(Try it) Find "взяты с потолка." and "Velikonočni venček z" in the records below. Copy the lines holding them and every line between, exactly, and no others.

(Task data)

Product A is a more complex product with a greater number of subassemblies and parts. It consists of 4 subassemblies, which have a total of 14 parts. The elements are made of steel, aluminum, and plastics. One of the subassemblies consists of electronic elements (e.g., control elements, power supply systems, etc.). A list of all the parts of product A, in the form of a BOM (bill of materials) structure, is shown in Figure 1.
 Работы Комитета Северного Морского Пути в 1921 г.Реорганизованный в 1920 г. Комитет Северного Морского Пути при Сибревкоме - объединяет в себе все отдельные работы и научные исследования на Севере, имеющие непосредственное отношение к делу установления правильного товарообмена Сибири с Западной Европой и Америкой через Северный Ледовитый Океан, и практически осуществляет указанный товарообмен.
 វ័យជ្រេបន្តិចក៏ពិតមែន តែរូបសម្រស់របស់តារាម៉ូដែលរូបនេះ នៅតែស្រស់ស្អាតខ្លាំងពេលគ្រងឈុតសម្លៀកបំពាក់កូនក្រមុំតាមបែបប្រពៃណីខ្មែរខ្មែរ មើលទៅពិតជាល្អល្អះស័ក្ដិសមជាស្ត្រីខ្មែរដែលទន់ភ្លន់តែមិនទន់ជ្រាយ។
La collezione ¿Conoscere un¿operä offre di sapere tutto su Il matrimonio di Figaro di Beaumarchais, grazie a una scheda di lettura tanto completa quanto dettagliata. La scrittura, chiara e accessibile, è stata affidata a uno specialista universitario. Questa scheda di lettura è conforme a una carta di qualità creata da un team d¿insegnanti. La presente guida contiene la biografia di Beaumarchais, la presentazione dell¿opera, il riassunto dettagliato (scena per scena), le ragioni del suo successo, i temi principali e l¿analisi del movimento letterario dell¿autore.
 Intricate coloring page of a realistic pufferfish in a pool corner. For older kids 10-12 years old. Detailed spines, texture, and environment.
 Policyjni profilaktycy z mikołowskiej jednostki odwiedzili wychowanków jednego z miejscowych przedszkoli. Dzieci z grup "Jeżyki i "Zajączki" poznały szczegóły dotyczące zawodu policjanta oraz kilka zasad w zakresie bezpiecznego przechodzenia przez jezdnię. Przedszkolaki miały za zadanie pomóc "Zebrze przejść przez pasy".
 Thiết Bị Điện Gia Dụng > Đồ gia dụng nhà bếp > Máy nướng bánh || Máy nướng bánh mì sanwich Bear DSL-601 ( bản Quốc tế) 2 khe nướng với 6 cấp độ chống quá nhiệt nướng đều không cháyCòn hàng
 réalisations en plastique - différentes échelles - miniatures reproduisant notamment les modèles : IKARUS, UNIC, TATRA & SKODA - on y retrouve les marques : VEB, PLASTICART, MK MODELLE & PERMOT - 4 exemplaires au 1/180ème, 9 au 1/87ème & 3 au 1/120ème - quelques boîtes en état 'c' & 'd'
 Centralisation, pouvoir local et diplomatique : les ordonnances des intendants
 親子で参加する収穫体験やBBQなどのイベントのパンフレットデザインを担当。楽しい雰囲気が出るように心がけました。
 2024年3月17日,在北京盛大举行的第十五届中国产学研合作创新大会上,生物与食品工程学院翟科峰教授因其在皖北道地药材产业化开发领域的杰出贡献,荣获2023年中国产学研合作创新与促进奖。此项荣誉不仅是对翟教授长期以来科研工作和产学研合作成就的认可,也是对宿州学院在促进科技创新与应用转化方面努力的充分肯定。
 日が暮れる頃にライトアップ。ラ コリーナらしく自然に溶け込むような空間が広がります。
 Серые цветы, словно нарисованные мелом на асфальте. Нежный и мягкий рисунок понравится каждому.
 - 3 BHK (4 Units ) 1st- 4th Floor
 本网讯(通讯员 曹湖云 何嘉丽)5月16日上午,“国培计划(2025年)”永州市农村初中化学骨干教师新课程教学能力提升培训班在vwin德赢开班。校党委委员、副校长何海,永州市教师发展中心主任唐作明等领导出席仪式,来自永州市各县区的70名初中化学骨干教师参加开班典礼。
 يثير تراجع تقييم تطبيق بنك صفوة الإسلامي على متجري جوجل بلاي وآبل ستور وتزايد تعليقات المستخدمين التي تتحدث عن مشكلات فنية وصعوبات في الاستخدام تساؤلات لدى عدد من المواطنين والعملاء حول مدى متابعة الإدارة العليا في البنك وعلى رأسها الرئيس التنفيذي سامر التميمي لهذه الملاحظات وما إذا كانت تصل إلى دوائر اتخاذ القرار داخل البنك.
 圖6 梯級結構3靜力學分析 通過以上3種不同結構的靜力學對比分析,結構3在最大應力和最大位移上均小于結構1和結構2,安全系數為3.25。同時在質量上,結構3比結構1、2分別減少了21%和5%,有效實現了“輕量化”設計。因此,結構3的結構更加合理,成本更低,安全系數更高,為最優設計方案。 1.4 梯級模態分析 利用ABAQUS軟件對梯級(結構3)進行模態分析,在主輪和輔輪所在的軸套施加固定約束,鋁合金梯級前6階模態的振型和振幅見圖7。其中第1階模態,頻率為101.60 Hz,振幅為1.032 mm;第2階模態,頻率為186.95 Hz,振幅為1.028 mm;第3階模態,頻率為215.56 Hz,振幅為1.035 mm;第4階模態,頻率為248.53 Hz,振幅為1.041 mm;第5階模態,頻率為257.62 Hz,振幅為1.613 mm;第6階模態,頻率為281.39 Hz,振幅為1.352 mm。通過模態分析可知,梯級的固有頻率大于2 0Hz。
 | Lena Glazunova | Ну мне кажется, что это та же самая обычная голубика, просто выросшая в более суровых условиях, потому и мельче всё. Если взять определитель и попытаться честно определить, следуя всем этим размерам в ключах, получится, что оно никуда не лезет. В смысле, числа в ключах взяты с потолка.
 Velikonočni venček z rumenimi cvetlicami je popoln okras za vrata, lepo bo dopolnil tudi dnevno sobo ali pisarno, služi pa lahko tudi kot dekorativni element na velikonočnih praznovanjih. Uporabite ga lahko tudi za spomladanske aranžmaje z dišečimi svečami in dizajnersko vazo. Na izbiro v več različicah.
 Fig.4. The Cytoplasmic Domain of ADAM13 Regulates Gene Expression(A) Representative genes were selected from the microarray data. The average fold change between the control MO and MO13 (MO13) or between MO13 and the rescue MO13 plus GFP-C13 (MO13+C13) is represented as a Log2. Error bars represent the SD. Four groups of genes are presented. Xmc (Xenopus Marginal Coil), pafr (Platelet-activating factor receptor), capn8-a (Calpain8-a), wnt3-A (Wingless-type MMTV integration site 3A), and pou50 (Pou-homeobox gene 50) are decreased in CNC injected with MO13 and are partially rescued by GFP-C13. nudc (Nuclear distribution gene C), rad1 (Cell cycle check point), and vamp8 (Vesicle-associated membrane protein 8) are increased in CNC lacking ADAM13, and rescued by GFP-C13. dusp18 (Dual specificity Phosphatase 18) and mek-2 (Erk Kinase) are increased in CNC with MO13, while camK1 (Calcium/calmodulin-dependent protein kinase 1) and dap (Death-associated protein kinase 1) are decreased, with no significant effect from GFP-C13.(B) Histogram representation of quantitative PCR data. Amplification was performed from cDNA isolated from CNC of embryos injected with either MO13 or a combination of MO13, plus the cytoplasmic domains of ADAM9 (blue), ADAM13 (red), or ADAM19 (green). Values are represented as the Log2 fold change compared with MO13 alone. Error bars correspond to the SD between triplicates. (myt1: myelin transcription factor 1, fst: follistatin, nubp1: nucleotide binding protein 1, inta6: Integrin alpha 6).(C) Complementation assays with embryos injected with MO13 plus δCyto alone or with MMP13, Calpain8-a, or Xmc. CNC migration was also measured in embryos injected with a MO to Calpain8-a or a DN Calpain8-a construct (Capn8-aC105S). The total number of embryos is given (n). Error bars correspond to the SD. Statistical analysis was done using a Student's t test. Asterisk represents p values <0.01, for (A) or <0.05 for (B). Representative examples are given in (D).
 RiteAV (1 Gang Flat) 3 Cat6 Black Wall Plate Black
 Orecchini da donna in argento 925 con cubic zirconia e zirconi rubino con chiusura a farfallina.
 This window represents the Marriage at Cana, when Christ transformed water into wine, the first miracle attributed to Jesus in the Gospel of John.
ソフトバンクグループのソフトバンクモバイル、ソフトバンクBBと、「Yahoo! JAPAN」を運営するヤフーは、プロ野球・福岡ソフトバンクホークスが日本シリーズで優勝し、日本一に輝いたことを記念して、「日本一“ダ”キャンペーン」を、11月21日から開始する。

(Answer section)
 | Lena Glazunova | Ну мне кажется, что это та же самая обычная голубика, просто выросшая в более суровых условиях, потому и мельче всё. Если взять определитель и попытаться честно определить, следуя всем этим размерам в ключах, получится, что оно никуда не лезет. В смысле, числа в ключах взяты с потолка.
 Velikonočni venček z rumenimi cvetlicami je popoln okras za vrata, lepo bo dopolnil tudi dnevno sobo ali pisarno, služi pa lahko tudi kot dekorativni element na velikonočnih praznovanjih. Uporabite ga lahko tudi za spomladanske aranžmaje z dišečimi svečami in dizajnersko vazo. Na izbiro v več različicah.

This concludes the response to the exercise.